1. Zero-Copy Forks: The Foundation
I use database forks as temporary test environments, not as backup copies. Each optimization creates two forks where different index strategies run tests in parallel, then auto-delete.
How It Works:
Each optimization spawns two isolated forks (Strategy A vs Strategy B). Both start with identical data, run tests in parallel, and auto-delete when done.
// Create competing test environments
const forkA = await tigerService.createFork(`${jobId}-strategy-a`);
const forkB = await tigerService.createFork(`${jobId}-strategy-b`);
// Apply different strategies
await validator.applyIndexStrategy(forkA.connectionString, strategies.strategyA);
await validator.applyIndexStrategy(forkB.connectionString, strategies.strategyB);
// Test both in parallel
const [resultsA, resultsB] = await Promise.all([
validator.runPerformanceTests(forkA.connectionString, queries),
validator.runPerformanceTests(forkB.connectionString, queries)
]);
// Cleanup automatically (even on errors)
await Promise.all([
tigerService.deleteFork(forkA.forkName),
tigerService.deleteFork(forkB.forkName)
]);
Why This Works:
| Traditional Copies | Zero-Copy Forks |
|---|---|
| 30+ minutes to create | <1 second |
| Full storage duplication | $0 storage cost (copy-on-write) |
| Manual cleanup required | Auto-delete after testing |
| Risk of orphaned databases | Crash-safe cleanup |
Fast, free forks mean developers can test index changes without worrying about time or storage costs.
I haven’t seen another tool using database forks for parallel optimization testing.

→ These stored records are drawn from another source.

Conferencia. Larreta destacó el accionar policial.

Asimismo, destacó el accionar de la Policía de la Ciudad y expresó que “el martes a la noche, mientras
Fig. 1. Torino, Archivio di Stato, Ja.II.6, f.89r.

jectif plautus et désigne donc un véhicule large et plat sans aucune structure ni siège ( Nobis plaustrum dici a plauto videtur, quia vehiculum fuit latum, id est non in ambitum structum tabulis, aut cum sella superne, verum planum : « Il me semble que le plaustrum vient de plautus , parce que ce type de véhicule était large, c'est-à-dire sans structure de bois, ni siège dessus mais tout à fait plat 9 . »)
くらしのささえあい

2. Tiger MCP: Multi-Agent Orchestration
The Setup: One MCP server, 7 specialized tools, 3 coordinating agents.
Instead of one monolithic script, I built three agents that collaborate through structured tools. Each has a clear role and communicates via MCP protocol.
The Agents
Orchestrator Agent
- Manages fork lifecycle (create → test → cleanup)
- Coordinates IndexTuner and Validator
- Compares results from both strategies
- Generates confidence-scored recommendations
IndexTuner Agent
- Parses query patterns (WHERE, JOIN, ORDER BY)

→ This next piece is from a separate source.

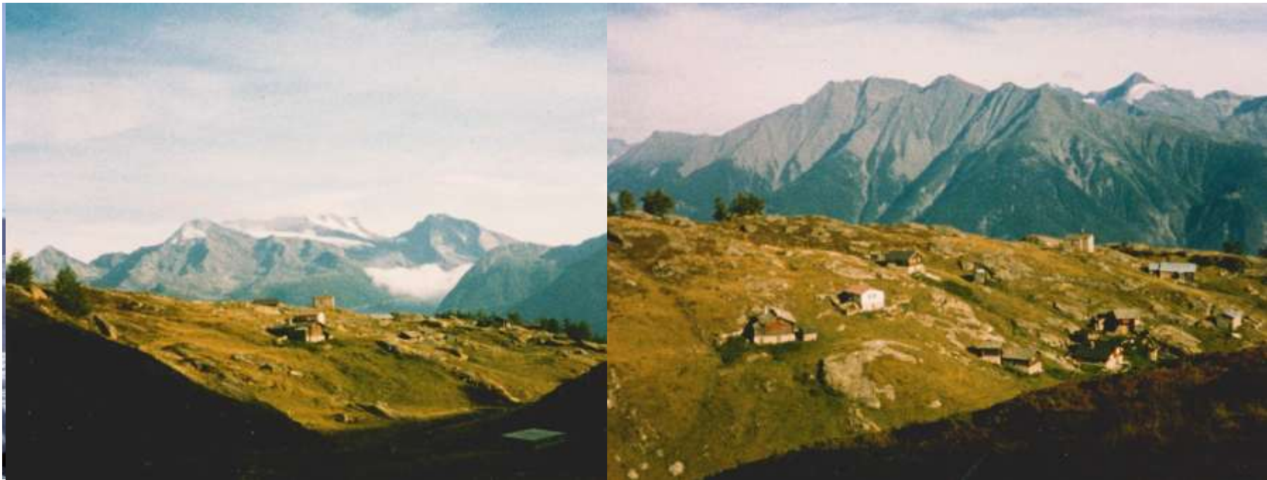
Bettmeralp, oct. 1987

- Generates Strategy A (basic single-column indexes)
- Generates Strategy B (advanced composite/partial indexes)
- Explains rationale for each index
Validator Agent
- Applies indexes to forks
- Runs EXPLAIN ANALYZE (3 iterations for statistical validity)
- Collects metrics: execution time, planning time, buffer hits, I/O
- Analyzes query execution plans
The MCP Tools
Seven specialized operations the agents coordinate through:
tools: [
'create_fork', // Spin up isolated environments
'delete_fork', // Clean up resources
'list_forks', // Enumerate available forks
'run_query', // Execute SQL on specific forks
'explain_analyze', // Collect performance metrics
'create_index', // Apply strategies
'drop_index' // Remove indexes
]
Real-Time Transparency
Users see each step as agents coordinate:
Orchestrator: Creating fork optimization_abc123-strategy-a
IndexTuner: Analyzing 3 queries for optimization patterns
IndexTuner: Detected WHERE + ORDER BY pattern → composite index strategy
Validator: Running EXPLAIN ANALYZE (iteration 1/3)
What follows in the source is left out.